Cureus ; 12(4): e7712, 2020 Apr 17.
Artigo em Inglês | MEDLINE | ID: mdl-32431990

RESUMO

Introduction Orthopaedic surgeons choose to manage communication with their patients outside of official visits and interactions in a variety of ways, with some choosing to provide their personal cell phone number in order to provide patients with direct accessibility. The objective of this prospective study is to explore to what extent patients utilize the cell phone numbers of orthopaedic surgeons in the immediate period after it is provided to them.

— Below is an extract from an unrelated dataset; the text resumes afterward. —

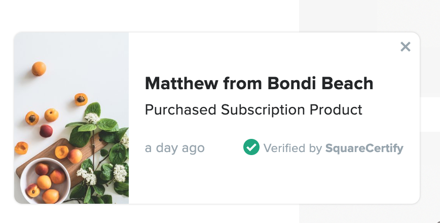 SquareCertify - Sales Social Proof Pop-Up for Squarespace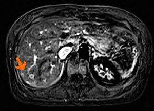 CAIPIRINHA-Dixon-TWIST (CDT) Volume-Interpolated Breath-Hold Examination (VIBE) is a new MR technique for fast Time-Resolved dynamic 3-Dimensional (3D) Imaging of the abdomen with high spatial resolution. The technique seems suitable for the detection and characterization of focal abdominal lesions such as liver and pancreatic masses. For the feature of metastasis, CDT-VIBE not only provides the ring-like enhancement pattern, but also clearly shows the feeding vessel of the lesion. Figure: Feeding vessel of the lesion is visualized in the 3D subtracted arterial phase images (Wang et al., 2014).

Methods Seven fellowship-trained orthopaedic surgeons from five different subspecialties in a single private, multi-site group each provided his/her personal cell phone number to 30 consecutive patients. The surgeon's phone number was written down on a business card, and the surgeons themselves provided the card to the patient. Phone calls and voice mail messages received in the 30 days following the patient receiving the phone number were recorded, and the reasons for these calls were categorized as being "appropriate" (e.g. acute postoperative issues, unclear instructions) or "inappropriate" (e.g. administrative issues, medication refills, advanced imaging-related inquires). Results Two-hundred seven patients with an average age of 51.5 years were provided cell phone numbers. During the 30 days following administration of cell phone numbers to each patient, 21 patients (10.1%) made calls to their surgeons, for an average of 0.15 calls per patient. Six patients (2.9%) called their surgeons more than once. Seventeen calls (54.8%) were deemed appropriate, while 14 calls (45.2%) were inappropriate. Logistic regression analysis did not reveal patient age, sex, type of visit, or surgeon subspecialty to be independently associated with calling. Conclusion Our study has demonstrated a low rate of patient utilization of surgeon cell phone number when provided to them. If surgeons choose to provide their cell phone number to patients, we recommend specifying appropriate reasons to call in order to maximize the effectiveness of this communication method.